The USD/JPY is now experiencing a choppy consolidation after significant downfall last week. The BoJ is determined to struggle to death to achieve its cherishing goal of 2% inflation rate. With the brand-new monetary policy tool, the BOJ’s official aspire to alleviate the burden of QE imposed on the financial institutions. Earlier today we had a chance to hear the speech of the BoJ’s Governor Haruhiko Kuroda with his comprehensive assessment of the newly introduced monetary policy. Investors’ mood has deteriorated as soon as Mr. Kuroda confirmed that BOJ is determined to push the interest rate even deeper into to the negative territory. According to the Governor, the central bank simply cannot lose momentum to revive the Japan’s economy, when a substantial progress toward overcoming deflation has been already made.

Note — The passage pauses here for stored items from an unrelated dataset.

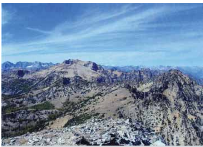
View NW from Pyramid Mountain to Square Top (right), Cardinal Peak, (center), Mt Maud, 7 Fingered Jack and Mt. Fernow (in distance, left). During the Pleistocene, a 90 mile long glacier filled the Chelan and Stehekin valleys and only the highest peaks, such as those shown here, rose above its surface.

mountain goats that had visited Pyramid that second night made it their home. To get there and back by the fastest of scrambles would take at least three hours, which was about the maximum I could absent myself from the station. So, the next opportunity was devoted to this. I don't recall how long it did take but I'm sure it must have been more than that amount of time. Whatever, it proved more than just interesting - it was fascinating. Not only did I see the goats, but 'discovered' two glaciers. The first of these almost led to my undoing.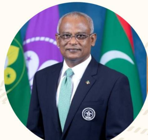
H.E.P. Ibrahim Mohamed Solih President from 17th Feb 2018 to Present Day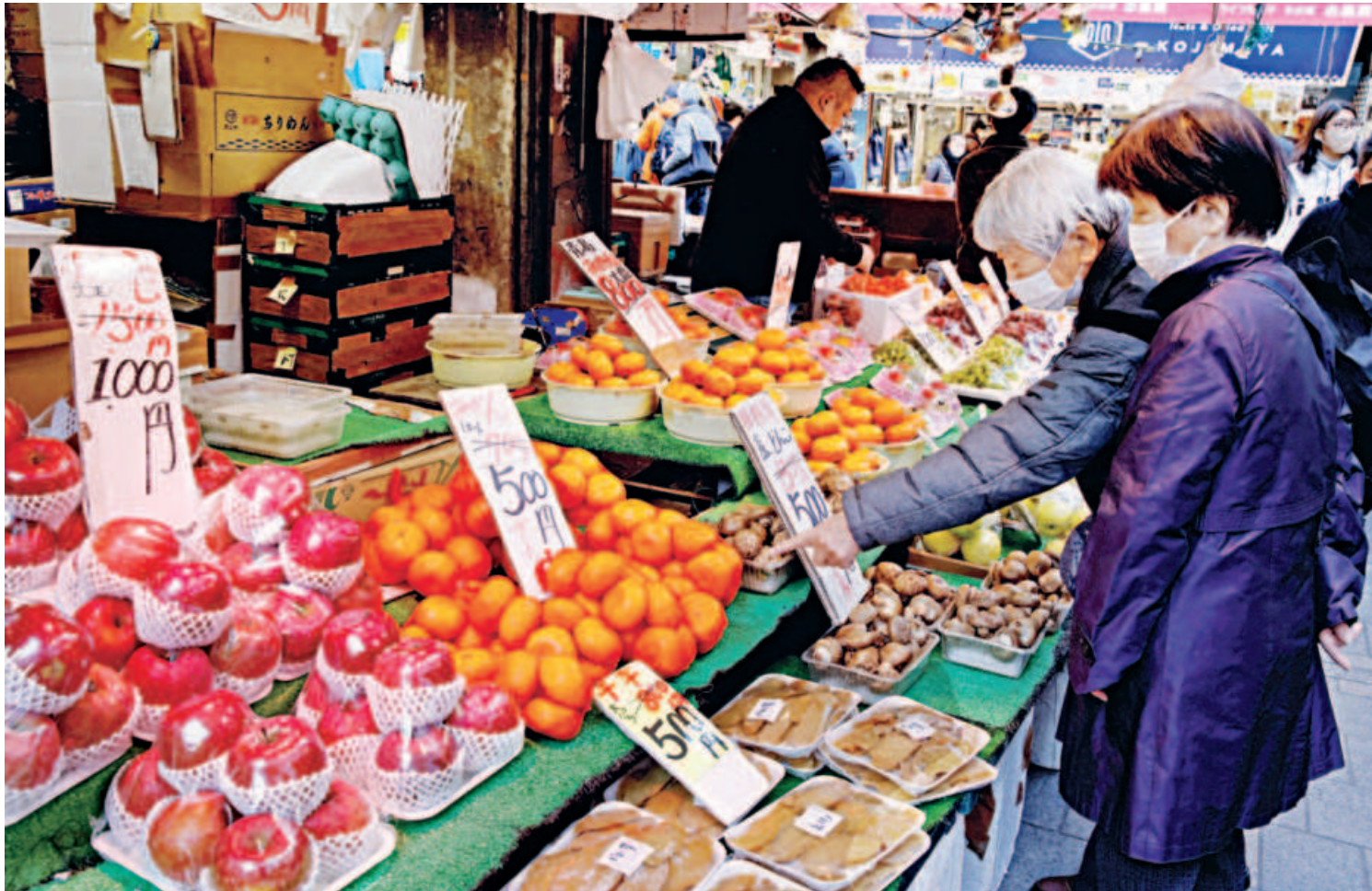
People shop daily necessities at a market in Tokyo. The 0.4 per cent rise in Japan's gross domestic product beat market expectations of 0.2 per cent, after hopes of a rebound fell flat in the final quarter of last year.

Turnover of the port city bourse surged more than double to Tk 22.5 crore from the previous day's Tk 8 crore.

Meanwhile, big stakeholders share ambivalent view on the yen’s future. The Bank of Tokyo Mitsubishi’ forecast stands out of others. According to the bank’s analysts, the JPY might strengthen in a short term in line with trade and capital flows. Nomura Securities has another opinion on this account. It expects the JPY will weaken in the midterm, especially if a range of positive external developments in the US occurs (possible US rate hikes and a reduction in US political uncertainty after presidential elections).
Société Générale doesn’t give us a clear picture of the yen’s future, but comes up with some hints on its further movement. The bank suggests that a rebound towards the highs of September (104 – 104,45) is possible, once USD/JPY reaches the mark of 100. Alternatively, if the bears break through this significant support, the USD/JPY will go down to 95 – 94,8 levels.